--- START ---

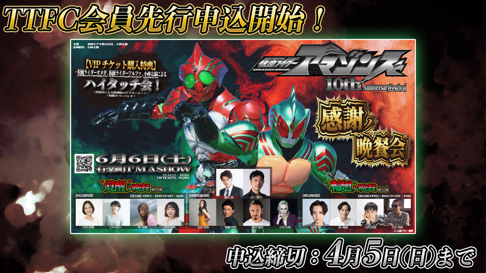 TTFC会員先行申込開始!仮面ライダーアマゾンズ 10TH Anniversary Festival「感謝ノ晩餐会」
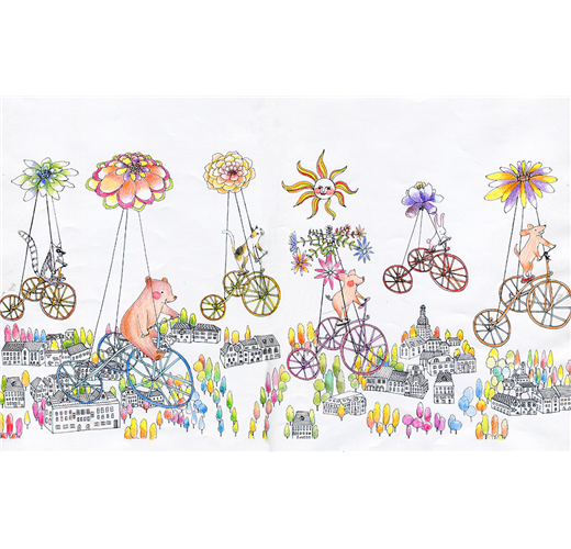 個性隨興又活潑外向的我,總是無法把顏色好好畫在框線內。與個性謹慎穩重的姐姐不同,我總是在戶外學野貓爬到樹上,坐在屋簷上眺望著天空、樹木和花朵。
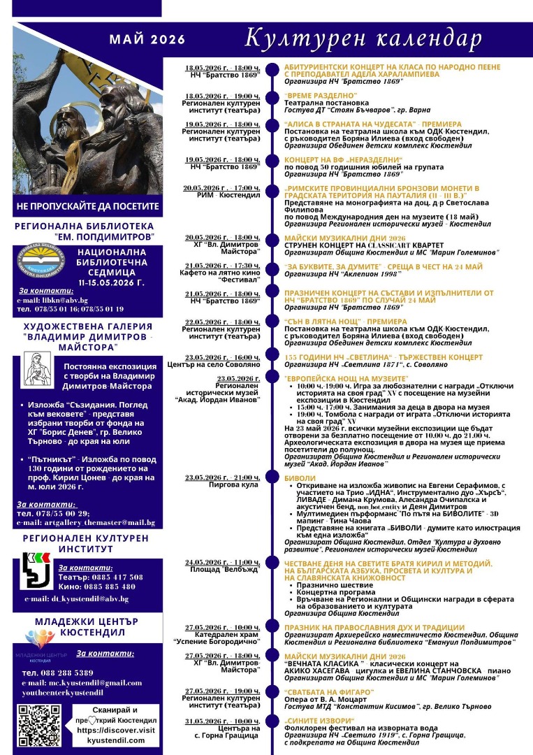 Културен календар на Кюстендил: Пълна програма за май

--- END ---

What you need to do:
The whole listing is to be retyped exactly, with its pictures removed.

Exercise response:
 TTFC会員先行申込開始!仮面ライダーアマゾンズ 10TH Anniversary Festival「感謝ノ晩餐会」
 個性隨興又活潑外向的我,總是無法把顏色好好畫在框線內。與個性謹慎穩重的姐姐不同,我總是在戶外學野貓爬到樹上,坐在屋簷上眺望著天空、樹木和花朵。
 Културен календар на Кюстендил: Пълна програма за май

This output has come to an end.